By Angela Becker
There are many resources for children with autism, but, as one grows older, there are fewer places to turn to for help. A disability support services specialist at Seminole State College aims to provide a new resource with the Full Spectrum Support Group.
Robin Hofmann first became interested in autism when she was 19 years old.
“I was in a behavioral therapy class at UCF, and the teacher showed a video of a child with autism . . .. I was totally amazed,” she explained. “I couldn’t stop staring at the screen.”
She felt a burning desire to work with children like the one in the video, Hofmann said. Eventually, she landed a job that serves children, and now Hofmann has more than 25 years of experience caring for children and young adults with autism spectrum disorder, including her own daughter.
Hofmann said she created the support group because she saw the need for it.
“I recognized that we had many students attending Seminole State who were on the autism spectrum,” she explained, “and while they were being successful academically, they were struggling socially or struggling with organizational skills, time management skills, any of those executive functioning-type things. I wanted to make sure that they had the opportunity to be successful.”

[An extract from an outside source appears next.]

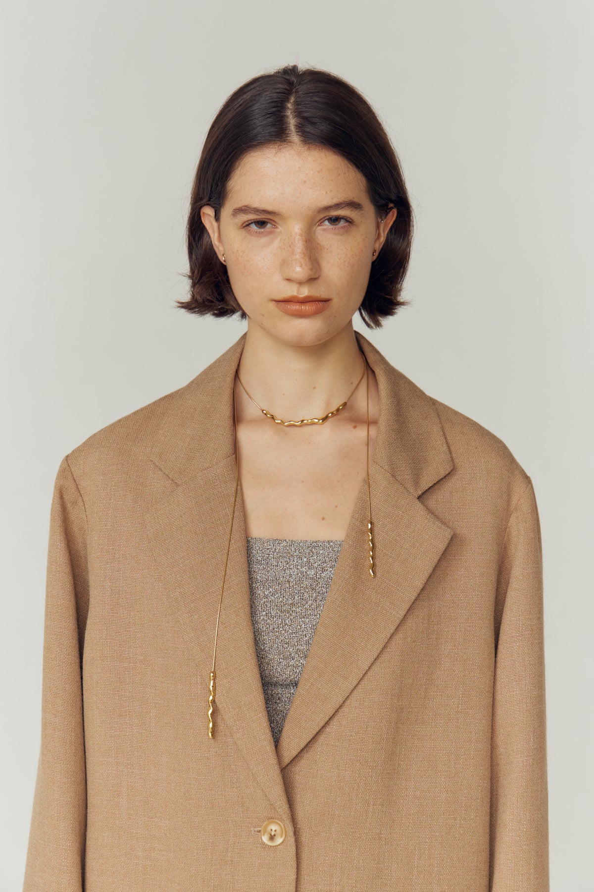 左右非対称のラインと、自在なアレンジができるラリエットとして生まれた。

The first group consisted of four students who gathered at the Oviedo campus. The group has grown to more than 20 students who meet in Oviedo and at the Sanford/Lake Mary campus. Hofmann said she has hope for the support group’s future.
“I’d love to do a group on every campus,” Hofmann said. “I would love to be able to support all students on the spectrum.”
The students attending the Full Spectrum Support Group expressed high hopes as well.
“I really like it,” said Jordan, a student in the group, “It’s cool to know that I have some people who know what it’s like to have Asperger’s syndrome. I feel like the group will help make the struggles that I have as a student with A.S. more manageable.”